But I have just done some searching and can't find it -- maybe someone else has a better memory than me...
Pre-op:
Age 63 at diagnosis, now 65.
No symptoms; PSA 5.7; Gleason 4+5=9; cancer in 4 of 12 cores.
Operation:
Non-nerve-sparing open surgery on 7 March 2008.
Two nights in hospital; catheter out after 7 days.
Post-op:
Continent; no pads needed from the get-go.
Pathology showed organ confined and negative margins. Gleason downgraded to 4+4=8.
PSAs:
6-week : <0.05
7-month: <0.05
13-month: 0.07 (start of a trend?)
19-month: 0.09 (maybe)
25-month: 0.2 (yes, bummer)
27-month: 0.2 (not up; glad about that)
ED:
After a learning curve, Bimix injections (0.2ml) worked well. From 14 months, occasional nocturnal erections. At 18 months, "graduated" to just the pump.

zufus
Veteran Member


Date Joined Dec 2008
Total Posts : 3149
   Posted 9/25/2010 7:15 AM (GMT -6)   
Remember reading it too and have heard other opinions like that particular uro-doc, so where do they get their collective informations? The next thing about the lymphnode sampling is wild n crazy, some docs sample none, some sample a few closest to capsule, some take out alot.....ask in advance how many samples do you take and how do you determine such???
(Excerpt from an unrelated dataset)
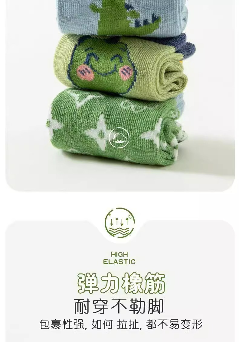 공룡 어린이 양말 봄과 가을 소년 중간 길이 양말 귀여운 아기 만화 스타킹 땀 흡수성 통기성 스포츠 스타킹

This is not pure science and alot of variables and randomness in treating PCa...makes one feel less than secure I would guess. Good you are questioning things, I always still do.
Dx-2002 total urinary blockage, bPsa 46.6 12/12 biopsies all loaded 75-95% vol.; Gleasons scores 7,8,9's (2-sets), gland size 35, ct and bone scans look clear- ADT3 5 months prior to radiations neutron/photon 2-machines, cont'd. ADT3, quit after 2 yrs. switched to DES 1-mg, off 1+ yr., controlled well, resumed, used intermittently, resumed useage

142
Forum Moderator


Date Joined Jan 2010
Total Posts : 7078
   Posted 9/25/2010 8:27 AM (GMT -6)   
My Uro/Surgeon also mentioned that at a certain point, if the cancer was obviously out, they would sew me back up and send me to radiation only.
 
He took 12 lymph nodes (some from both sides) and did the "wait for a quick path check" as well. He explained this ahead of time.
 
Once the path report came back, it was much farther along that what the biopsy indicated. Revisiting, all that known, I possibly was not a "certain" surgery case.

Post Edited (142) : 9/25/2010 9:43:31 AM (GMT-6)


Ed C. (Old67)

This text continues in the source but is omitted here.